The rotary shaft 2 is rotatably supported at both its ends by end bearings 12a and 12b and at its mid portion by an intermediate bearing 12c mounted on the inner wall of the casing 1 formed between the motor 3 and the hydraulic pump 4. An end plate 13 covering the open end 1a of the casing 1 holds the end bearing 12b. The end plate 13 is provided with arcuate oil ports 13a and 13b for sucking and discharging the working oil. These arcuate oil ports 13a and 13b open at their one ends to the cylinder block 5 and are communicated at their other ends with an actuator 14 having a piston 14a. The other ends of the oil ports 13a and 13b also communicated with an oil reservoir 16 through a shuttle valve 15. In order to eliminate any gap which may be formed between the cylinder block 5 and the end plate 13, a resilient pressing force is applied to the cylinder block 5 by a spring 17 acting between the guide 9 and the cylinder block 5.
The described embodiment of the servo pump of the invention operates in a manner explained hereinunder.

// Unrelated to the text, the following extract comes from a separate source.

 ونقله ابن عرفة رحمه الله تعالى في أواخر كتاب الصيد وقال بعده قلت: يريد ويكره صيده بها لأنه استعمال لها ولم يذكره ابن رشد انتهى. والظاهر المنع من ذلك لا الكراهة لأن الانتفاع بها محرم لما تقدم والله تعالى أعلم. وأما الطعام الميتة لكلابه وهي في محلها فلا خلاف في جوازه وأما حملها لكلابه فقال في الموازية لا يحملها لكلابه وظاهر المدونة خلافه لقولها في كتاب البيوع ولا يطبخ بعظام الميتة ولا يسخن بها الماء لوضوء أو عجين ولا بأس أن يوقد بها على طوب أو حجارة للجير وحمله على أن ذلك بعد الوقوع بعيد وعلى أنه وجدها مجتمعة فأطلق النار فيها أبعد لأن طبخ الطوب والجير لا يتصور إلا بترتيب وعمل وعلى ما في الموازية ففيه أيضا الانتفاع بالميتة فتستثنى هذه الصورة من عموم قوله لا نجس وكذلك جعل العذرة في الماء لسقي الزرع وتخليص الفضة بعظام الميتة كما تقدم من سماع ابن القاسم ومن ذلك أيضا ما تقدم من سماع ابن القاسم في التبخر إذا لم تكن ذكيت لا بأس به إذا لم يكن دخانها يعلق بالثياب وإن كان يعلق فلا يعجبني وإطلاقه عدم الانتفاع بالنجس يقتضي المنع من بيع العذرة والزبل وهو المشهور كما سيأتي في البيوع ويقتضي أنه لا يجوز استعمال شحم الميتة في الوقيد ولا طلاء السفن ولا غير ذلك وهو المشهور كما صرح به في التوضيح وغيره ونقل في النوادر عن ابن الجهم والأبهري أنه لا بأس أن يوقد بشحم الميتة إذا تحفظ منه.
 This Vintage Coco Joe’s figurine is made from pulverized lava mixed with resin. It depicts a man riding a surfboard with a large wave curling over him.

First of all, the shoe plate 8 and the piston shoe 11 are inclined to the right side as illustrated in FIG. 1 by a control valve 10. As the rotary shaft 2 is rotated by a high-frequency motor 3 in this state, the cylinder block 5 is rotatingly driven by the rotary shaft 2 through the spline 7, so that the pistons 6 in the cylinder bores 5a of the cylinder block 5 are rotated together with the latter. Since the spherical ends 6a of the pistons 6 slide along the annular groove 11a in the piston shoe 11, the pistons 6 move to the left and right repeatedly in each 180° rotation of the shoe plate 8. Consequently, the working oil sucked into the cylinder bores 5a of the cylinder block 5 through the shuttle valve 15 is forced into the chamber defined at the right side of the piston 14a in the actuator 14 through the oil port 13a, thereby to displace the piston 14a to the left. As a result, the oil in the chamber defined at the left side of the piston 14 is returned to the oil reservoir 16 through the oil port 13b in the end plate 13 and through the shuttle valve 15. The operation is reversed if the piston shoe plate 8 is inclined in the opposite direction to that shown in FIG. 1.
On the other hand, the drain of oil leaked from the oil pump 4 flows across the intermediate bearing 12c into the chamber accomodating the motor 3 to effectively cool the motor 3. The oil is then returned to the oil reservoir 16 through the oil port 1b formed in the casing 1. Since the motor 3 is effectively cooled by the drain oil, it is possible to reduce the size of the motor 3 by increasing the magnetic and electric loadings of the motor 3. Furthermore, since this arrangement does not necessitate any oiltight seal, it is possible to reduce the loss of energy produced when the shaft is rotated.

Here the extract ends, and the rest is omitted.